- **Task description**
Take nothing but the lines from the one with "A compact, evergreen" through the one with "今、4年生の教室の前に図工で" in the entries below, both ends kept, and return them exactly with pictures left out.

(Beginning of Data for the task)

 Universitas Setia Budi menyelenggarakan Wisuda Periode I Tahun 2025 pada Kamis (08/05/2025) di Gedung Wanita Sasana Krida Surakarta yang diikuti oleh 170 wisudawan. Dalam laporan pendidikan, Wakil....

(End of Data for the task)
(Beginning of Data for the task)

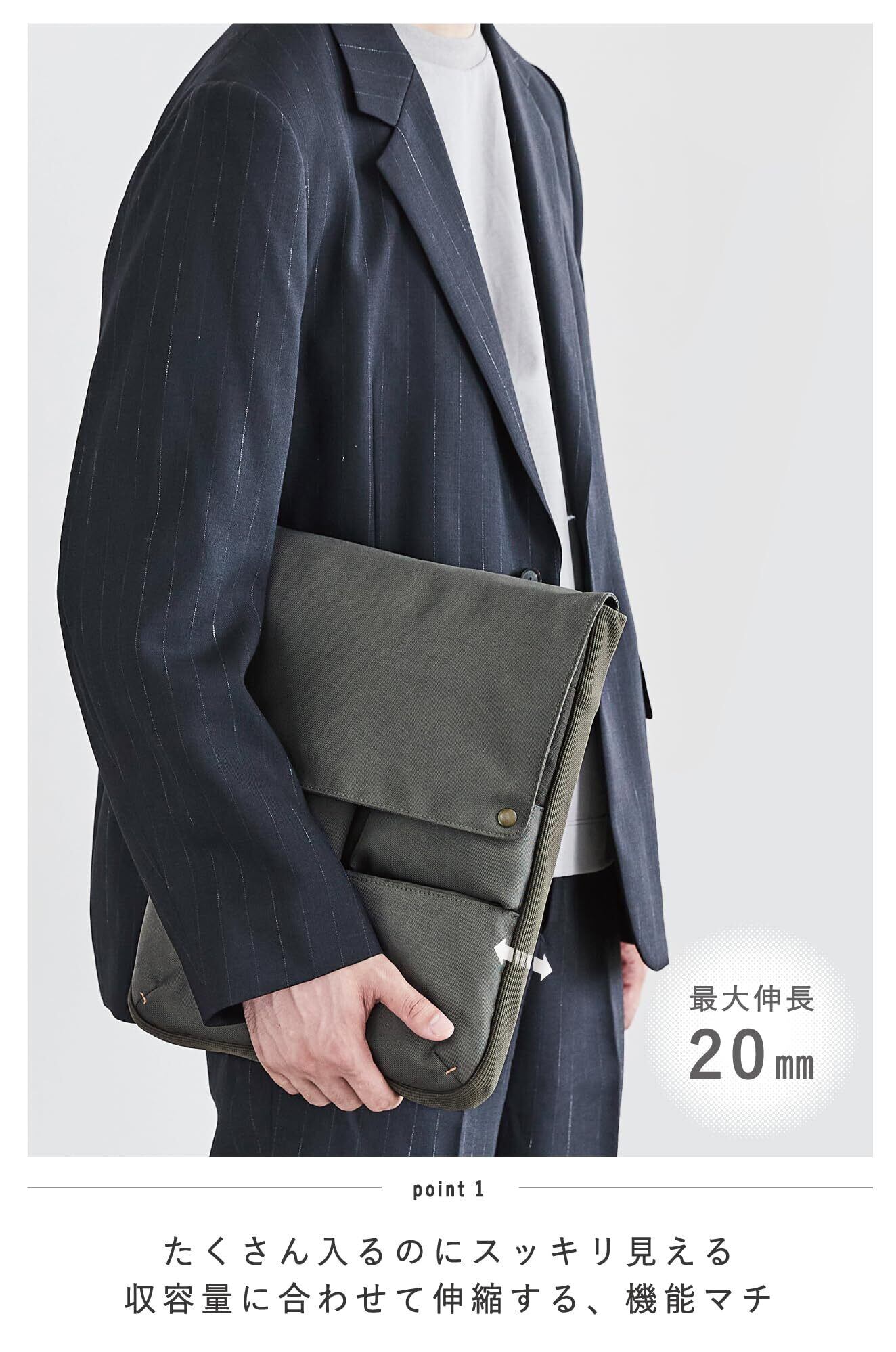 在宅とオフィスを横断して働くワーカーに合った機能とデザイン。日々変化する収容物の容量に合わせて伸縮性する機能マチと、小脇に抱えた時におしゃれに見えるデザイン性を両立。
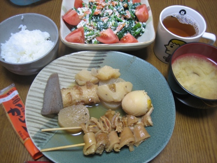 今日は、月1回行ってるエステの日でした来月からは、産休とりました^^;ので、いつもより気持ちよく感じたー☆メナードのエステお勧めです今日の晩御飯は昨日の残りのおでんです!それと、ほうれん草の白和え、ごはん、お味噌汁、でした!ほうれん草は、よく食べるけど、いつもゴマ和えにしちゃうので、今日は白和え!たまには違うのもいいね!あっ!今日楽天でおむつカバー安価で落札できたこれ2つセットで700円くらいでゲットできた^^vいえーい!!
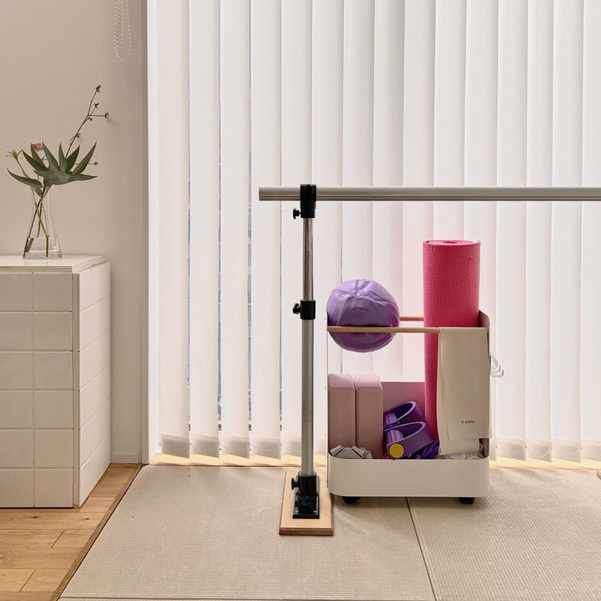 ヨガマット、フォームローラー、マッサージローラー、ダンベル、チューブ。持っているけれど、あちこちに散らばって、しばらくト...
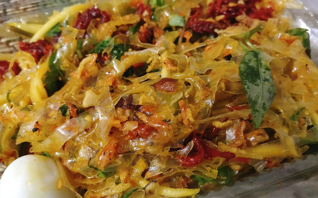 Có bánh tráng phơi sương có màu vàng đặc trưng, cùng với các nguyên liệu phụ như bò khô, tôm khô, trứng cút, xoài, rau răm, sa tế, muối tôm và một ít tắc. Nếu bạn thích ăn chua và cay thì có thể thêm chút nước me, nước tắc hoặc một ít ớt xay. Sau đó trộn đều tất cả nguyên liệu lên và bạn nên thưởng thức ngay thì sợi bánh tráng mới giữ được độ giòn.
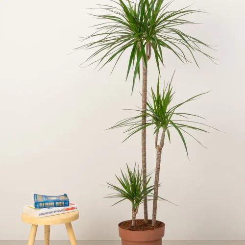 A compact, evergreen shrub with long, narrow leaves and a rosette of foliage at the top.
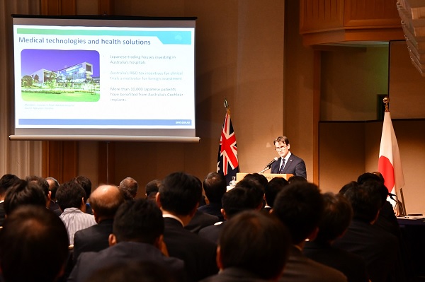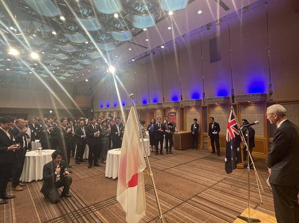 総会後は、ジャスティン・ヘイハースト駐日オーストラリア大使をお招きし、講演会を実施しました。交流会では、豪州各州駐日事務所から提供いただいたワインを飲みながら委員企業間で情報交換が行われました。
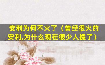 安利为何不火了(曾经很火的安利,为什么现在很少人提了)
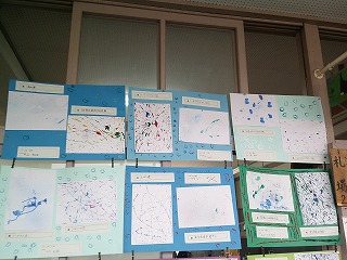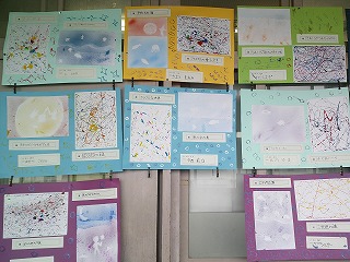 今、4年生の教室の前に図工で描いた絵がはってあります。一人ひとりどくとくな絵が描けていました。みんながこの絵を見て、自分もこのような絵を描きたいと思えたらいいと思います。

(End of Data for the task)

- **Answer box**
 A compact, evergreen shrub with long, narrow leaves and a rosette of foliage at the top.
 総会後は、ジャスティン・ヘイハースト駐日オーストラリア大使をお招きし、講演会を実施しました。交流会では、豪州各州駐日事務所から提供いただいたワインを飲みながら委員企業間で情報交換が行われました。
 安利为何不火了(曾经很火的安利,为什么现在很少人提了)
 今、4年生の教室の前に図工で描いた絵がはってあります。一人ひとりどくとくな絵が描けていました。みんながこの絵を見て、自分もこのような絵を描きたいと思えたらいいと思います。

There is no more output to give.